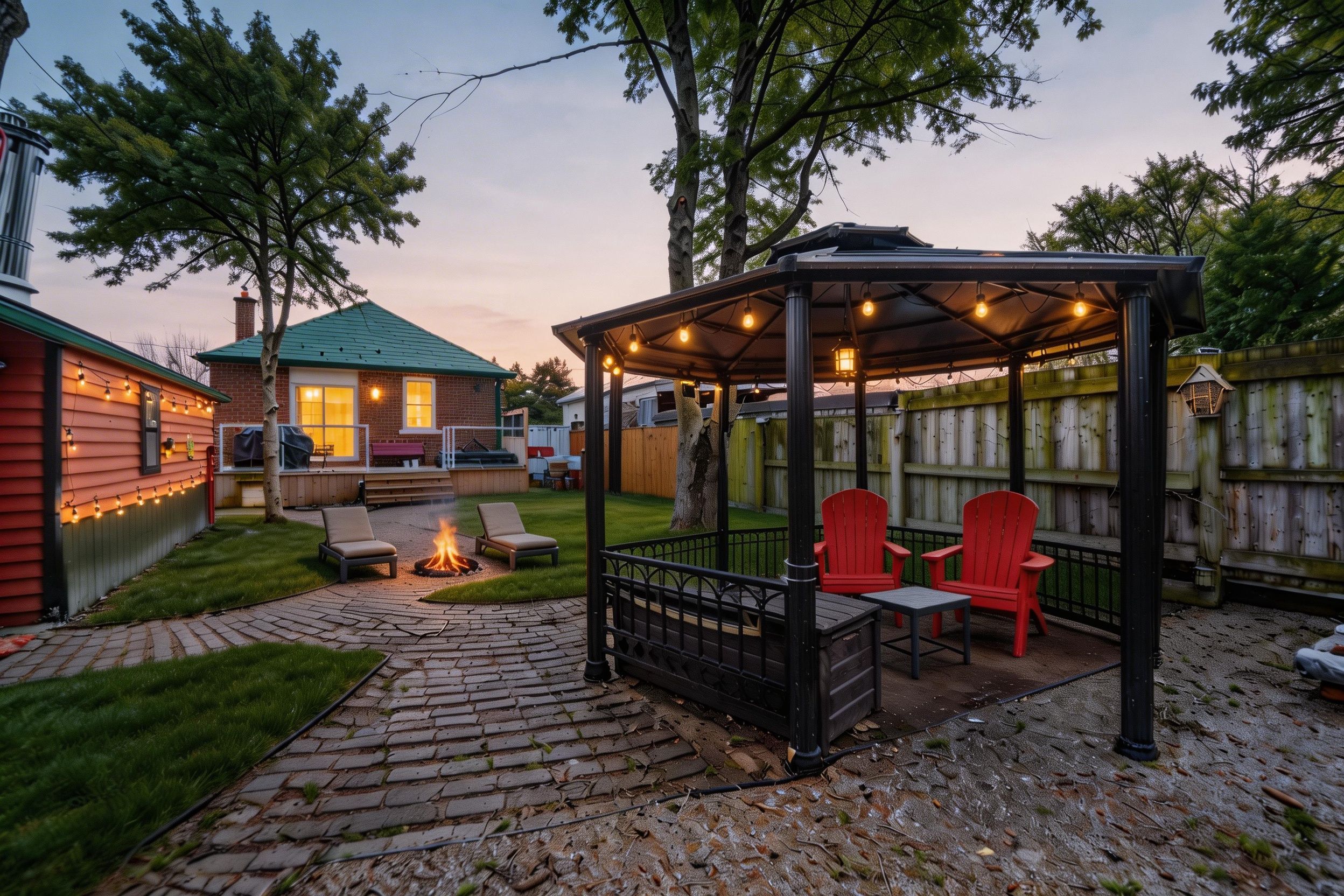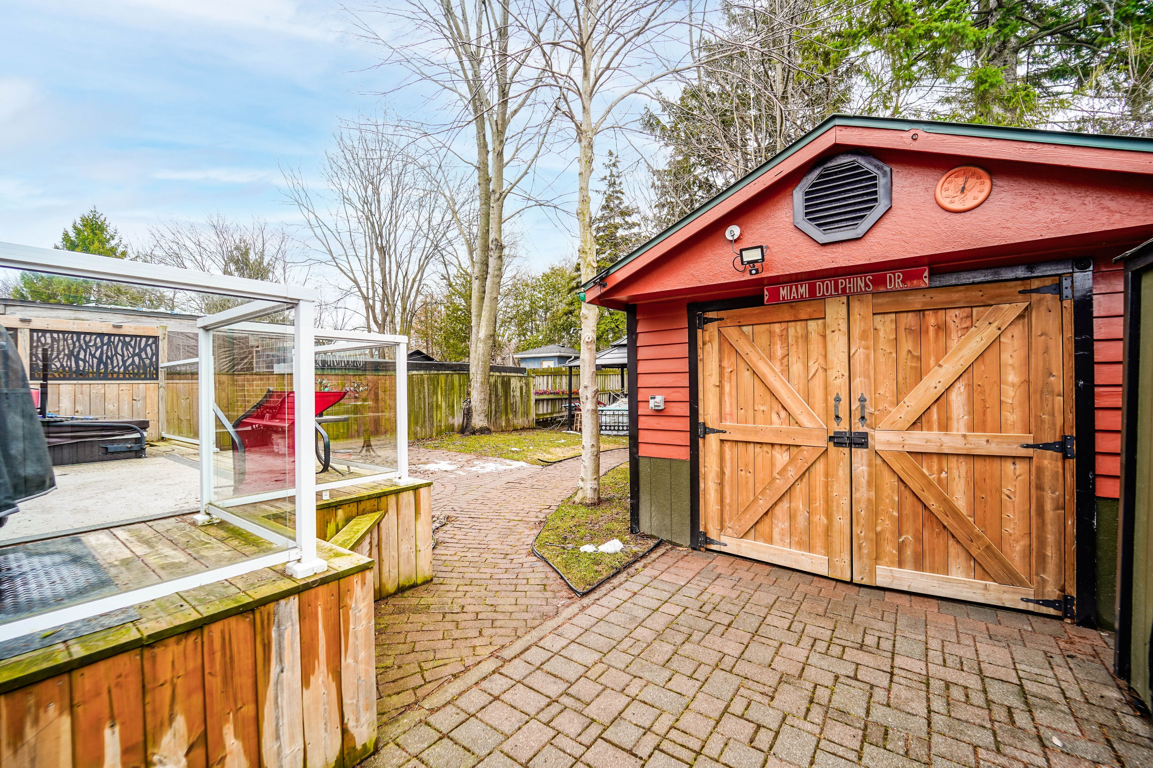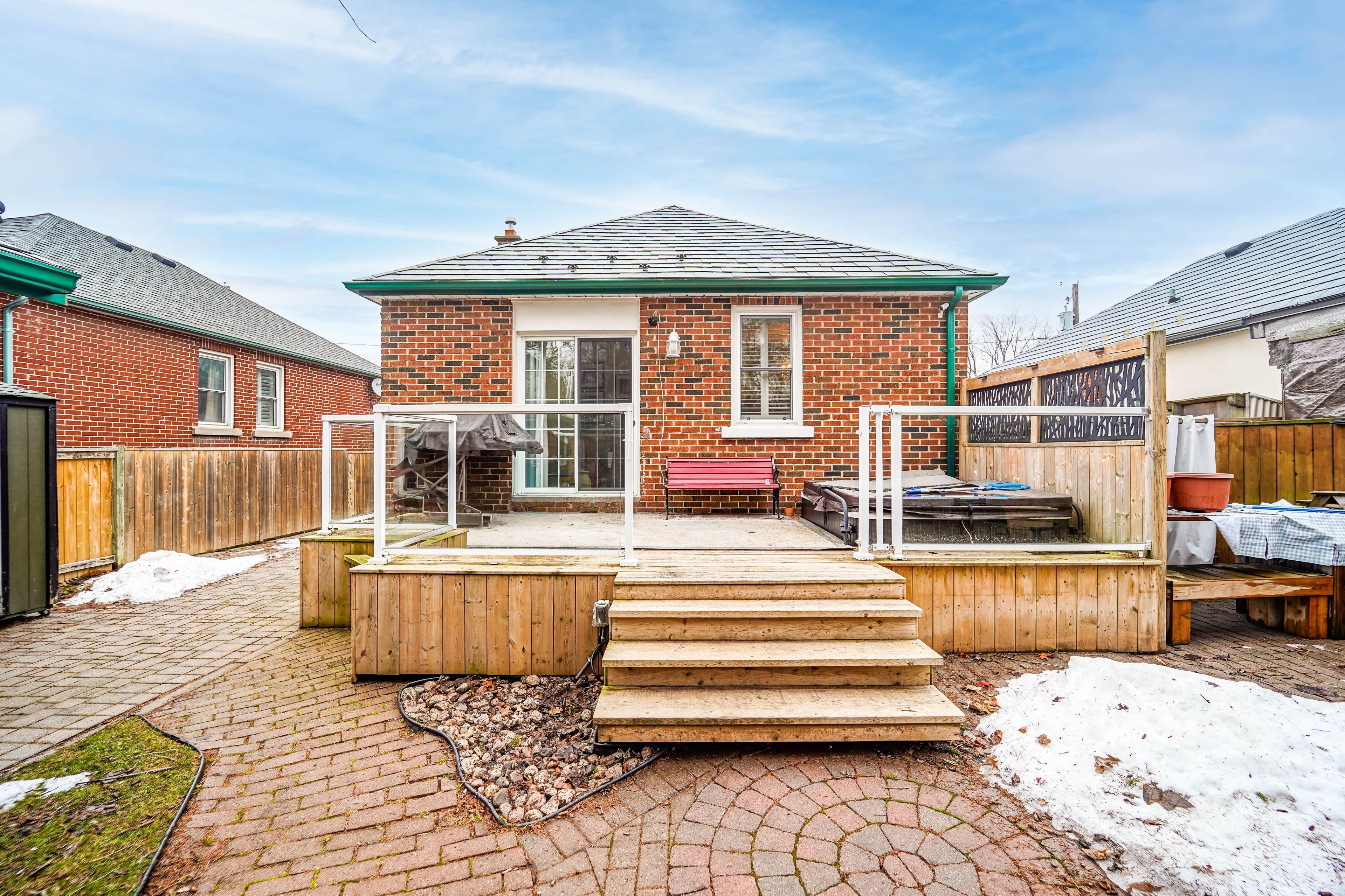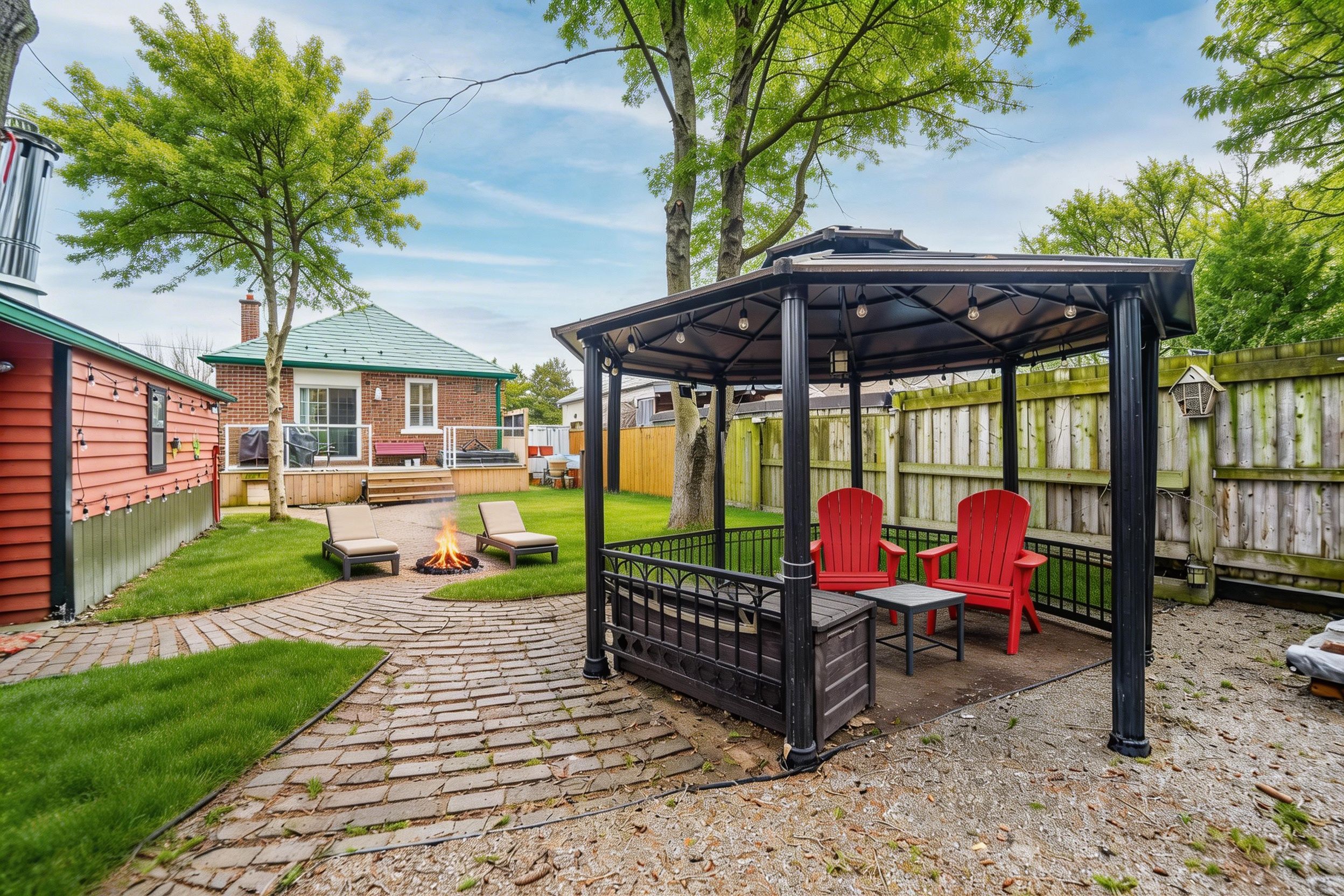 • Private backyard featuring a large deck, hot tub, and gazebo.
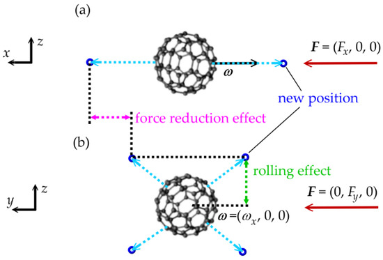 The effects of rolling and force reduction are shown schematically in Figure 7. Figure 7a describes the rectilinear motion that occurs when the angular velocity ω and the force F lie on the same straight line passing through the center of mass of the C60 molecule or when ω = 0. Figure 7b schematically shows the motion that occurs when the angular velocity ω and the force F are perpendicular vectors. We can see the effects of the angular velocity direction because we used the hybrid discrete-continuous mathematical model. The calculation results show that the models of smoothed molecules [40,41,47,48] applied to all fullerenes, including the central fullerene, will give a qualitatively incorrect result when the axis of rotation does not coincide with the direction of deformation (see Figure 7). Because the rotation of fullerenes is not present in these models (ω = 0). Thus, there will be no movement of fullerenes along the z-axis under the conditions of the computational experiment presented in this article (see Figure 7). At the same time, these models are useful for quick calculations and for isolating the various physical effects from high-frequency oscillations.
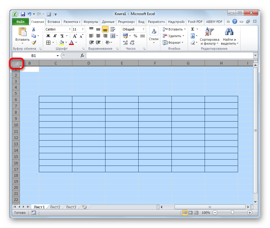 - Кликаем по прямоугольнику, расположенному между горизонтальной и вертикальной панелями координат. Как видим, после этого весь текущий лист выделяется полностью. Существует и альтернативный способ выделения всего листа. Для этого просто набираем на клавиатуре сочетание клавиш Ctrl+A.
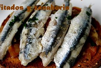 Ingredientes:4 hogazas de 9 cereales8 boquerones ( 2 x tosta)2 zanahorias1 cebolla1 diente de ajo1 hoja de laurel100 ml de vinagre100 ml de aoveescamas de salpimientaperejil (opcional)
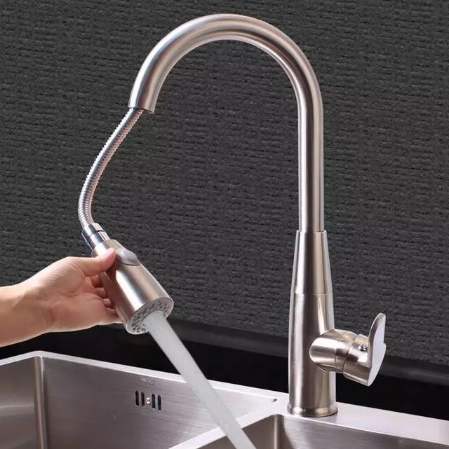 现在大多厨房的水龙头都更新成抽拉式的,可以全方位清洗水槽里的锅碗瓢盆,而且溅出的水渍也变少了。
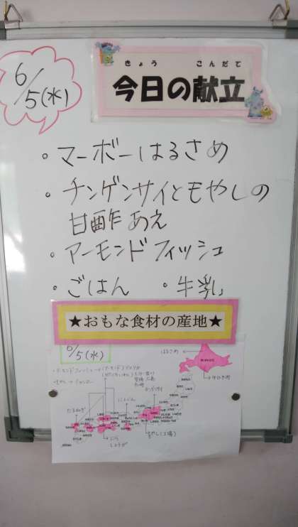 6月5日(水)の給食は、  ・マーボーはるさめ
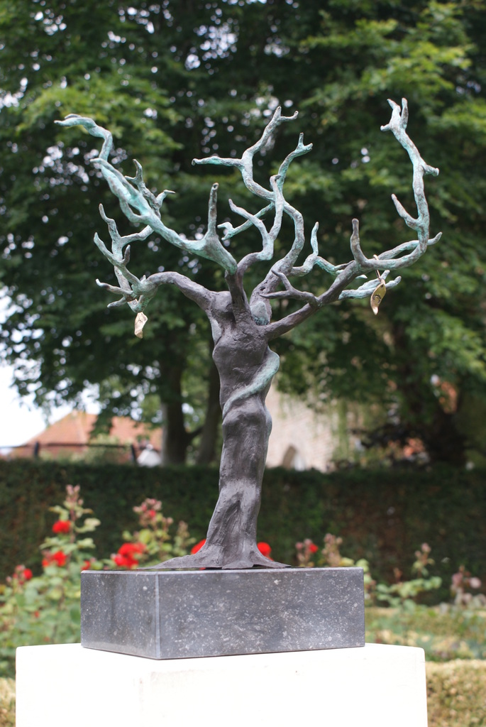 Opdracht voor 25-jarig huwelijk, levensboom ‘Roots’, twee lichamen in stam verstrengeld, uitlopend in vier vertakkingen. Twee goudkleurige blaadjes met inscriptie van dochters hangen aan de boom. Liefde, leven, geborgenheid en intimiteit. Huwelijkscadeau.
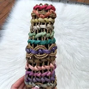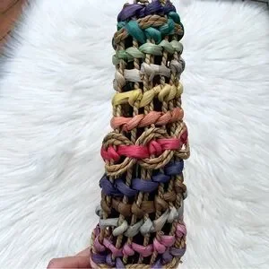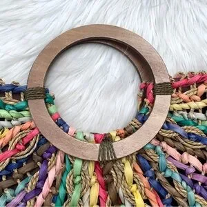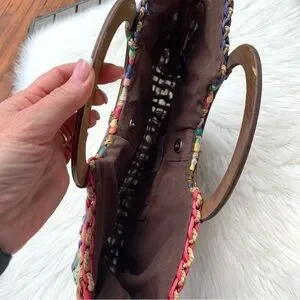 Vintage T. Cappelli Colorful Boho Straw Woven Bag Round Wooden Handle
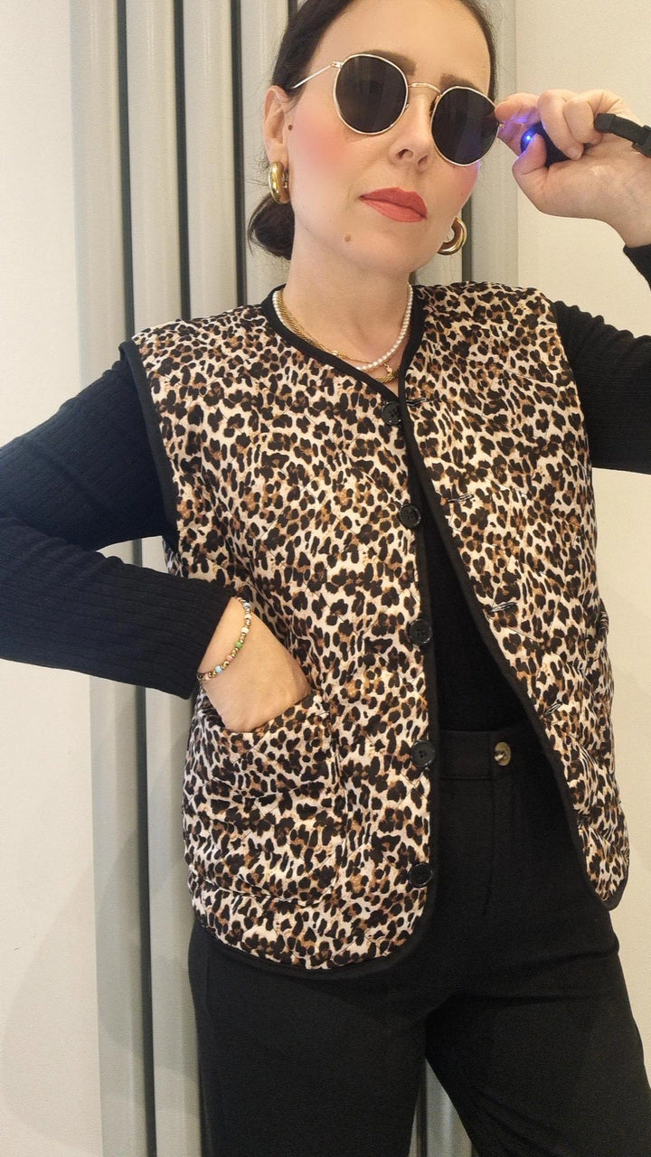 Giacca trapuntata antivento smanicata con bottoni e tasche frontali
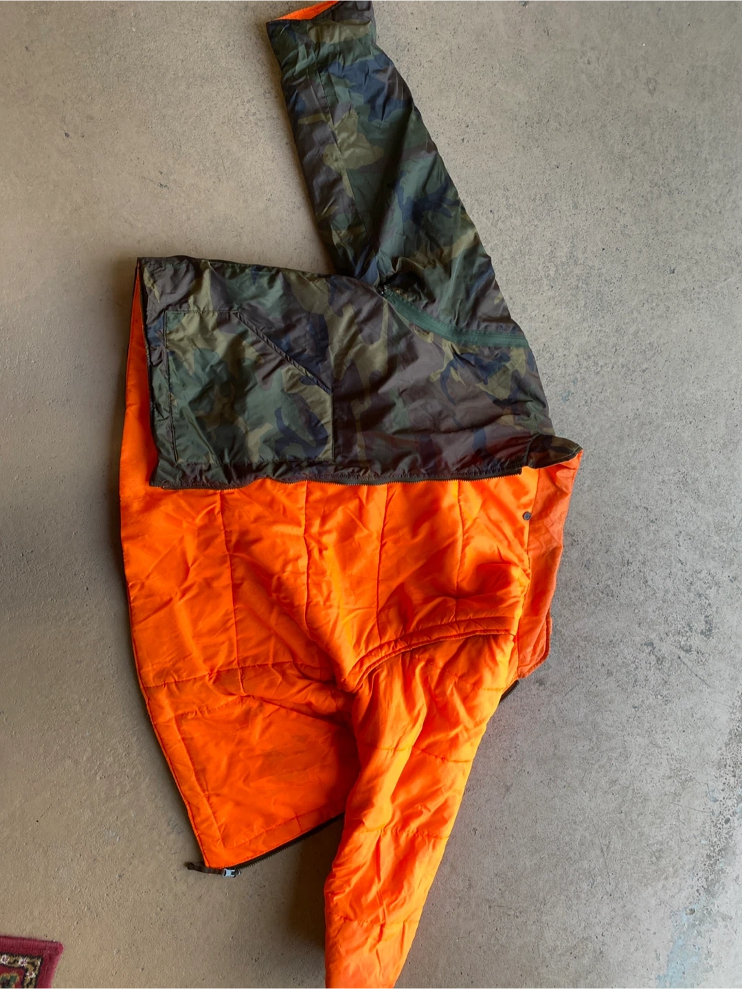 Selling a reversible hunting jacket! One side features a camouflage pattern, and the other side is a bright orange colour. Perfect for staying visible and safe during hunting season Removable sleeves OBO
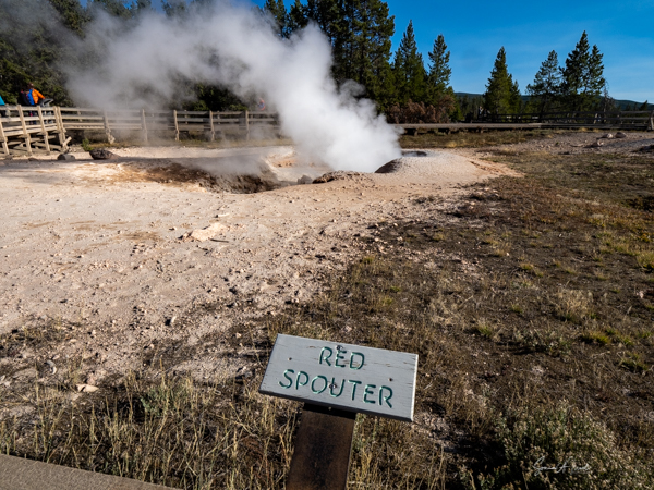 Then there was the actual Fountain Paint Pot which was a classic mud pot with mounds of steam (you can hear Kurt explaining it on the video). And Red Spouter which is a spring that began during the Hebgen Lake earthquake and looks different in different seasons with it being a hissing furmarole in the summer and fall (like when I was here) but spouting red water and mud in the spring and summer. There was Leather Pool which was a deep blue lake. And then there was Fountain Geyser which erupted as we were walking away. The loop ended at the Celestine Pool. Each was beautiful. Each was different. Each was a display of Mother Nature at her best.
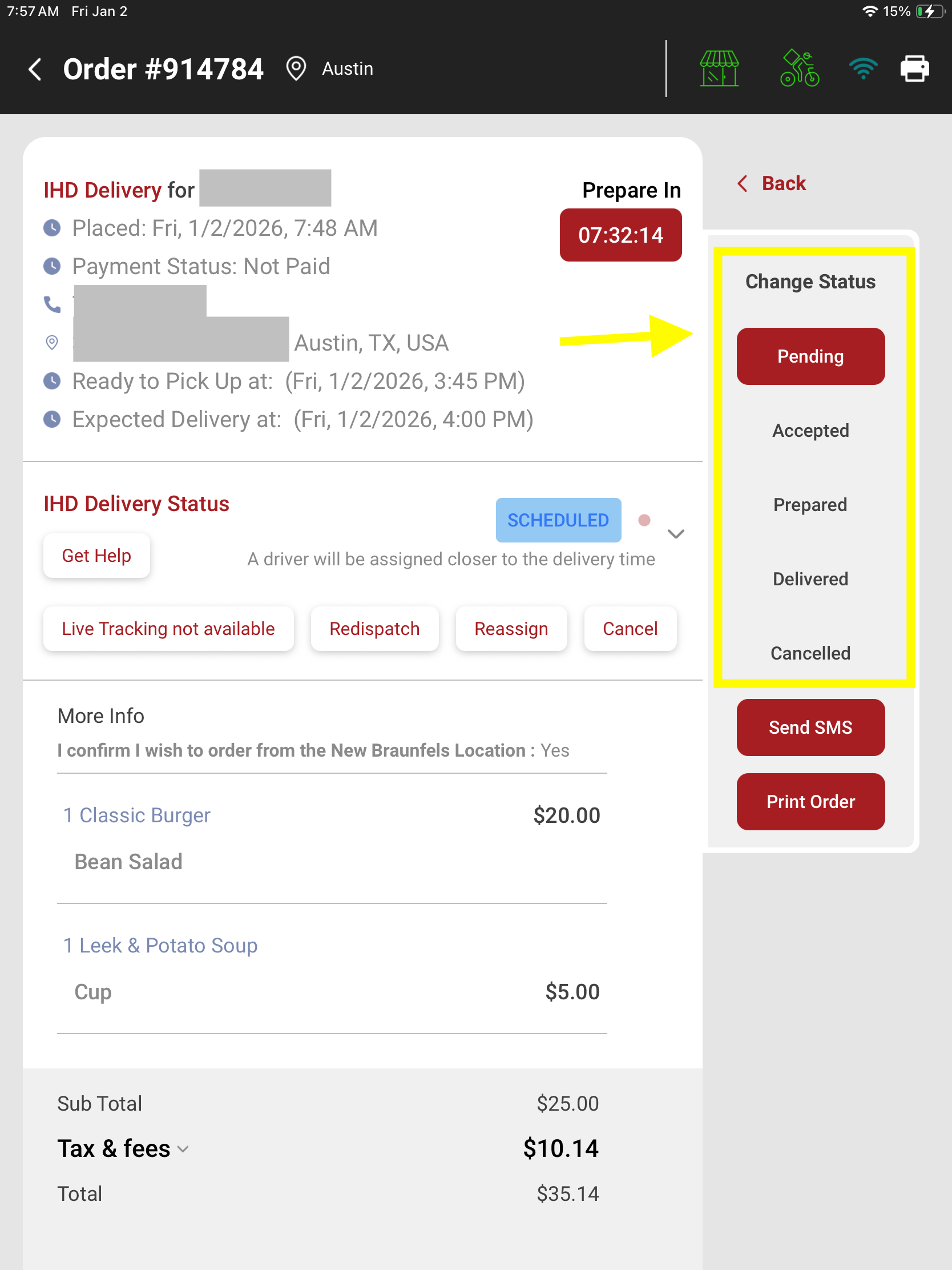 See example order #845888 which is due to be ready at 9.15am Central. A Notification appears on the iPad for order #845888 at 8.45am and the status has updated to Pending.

*-*-*

### Exercise objective:
The result should be a verbatim copy of the data, free of pictures.

### Problem solution:
 • Private backyard featuring a large deck, hot tub, and gazebo.
 The effects of rolling and force reduction are shown schematically in Figure 7. Figure 7a describes the rectilinear motion that occurs when the angular velocity ω and the force F lie on the same straight line passing through the center of mass of the C60 molecule or when ω = 0. Figure 7b schematically shows the motion that occurs when the angular velocity ω and the force F are perpendicular vectors. We can see the effects of the angular velocity direction because we used the hybrid discrete-continuous mathematical model. The calculation results show that the models of smoothed molecules [40,41,47,48] applied to all fullerenes, including the central fullerene, will give a qualitatively incorrect result when the axis of rotation does not coincide with the direction of deformation (see Figure 7). Because the rotation of fullerenes is not present in these models (ω = 0). Thus, there will be no movement of fullerenes along the z-axis under the conditions of the computational experiment presented in this article (see Figure 7). At the same time, these models are useful for quick calculations and for isolating the various physical effects from high-frequency oscillations.
 - Кликаем по прямоугольнику, расположенному между горизонтальной и вертикальной панелями координат. Как видим, после этого весь текущий лист выделяется полностью. Существует и альтернативный способ выделения всего листа. Для этого просто набираем на клавиатуре сочетание клавиш Ctrl+A.
 Ingredientes:4 hogazas de 9 cereales8 boquerones ( 2 x tosta)2 zanahorias1 cebolla1 diente de ajo1 hoja de laurel100 ml de vinagre100 ml de aoveescamas de salpimientaperejil (opcional)
 现在大多厨房的水龙头都更新成抽拉式的,可以全方位清洗水槽里的锅碗瓢盆,而且溅出的水渍也变少了。
 6月5日(水)の給食は、  ・マーボーはるさめ
 Opdracht voor 25-jarig huwelijk, levensboom ‘Roots’, twee lichamen in stam verstrengeld, uitlopend in vier vertakkingen. Twee goudkleurige blaadjes met inscriptie van dochters hangen aan de boom. Liefde, leven, geborgenheid en intimiteit. Huwelijkscadeau.
 Vintage T. Cappelli Colorful Boho Straw Woven Bag Round Wooden Handle
 Giacca trapuntata antivento smanicata con bottoni e tasche frontali
 Selling a reversible hunting jacket! One side features a camouflage pattern, and the other side is a bright orange colour. Perfect for staying visible and safe during hunting season Removable sleeves OBO
 Then there was the actual Fountain Paint Pot which was a classic mud pot with mounds of steam (you can hear Kurt explaining it on the video). And Red Spouter which is a spring that began during the Hebgen Lake earthquake and looks different in different seasons with it being a hissing furmarole in the summer and fall (like when I was here) but spouting red water and mud in the spring and summer. There was Leather Pool which was a deep blue lake. And then there was Fountain Geyser which erupted as we were walking away. The loop ended at the Celestine Pool. Each was beautiful. Each was different. Each was a display of Mother Nature at her best.
 See example order #845888 which is due to be ready at 9.15am Central. A Notification appears on the iPad for order #845888 at 8.45am and the status has updated to Pending.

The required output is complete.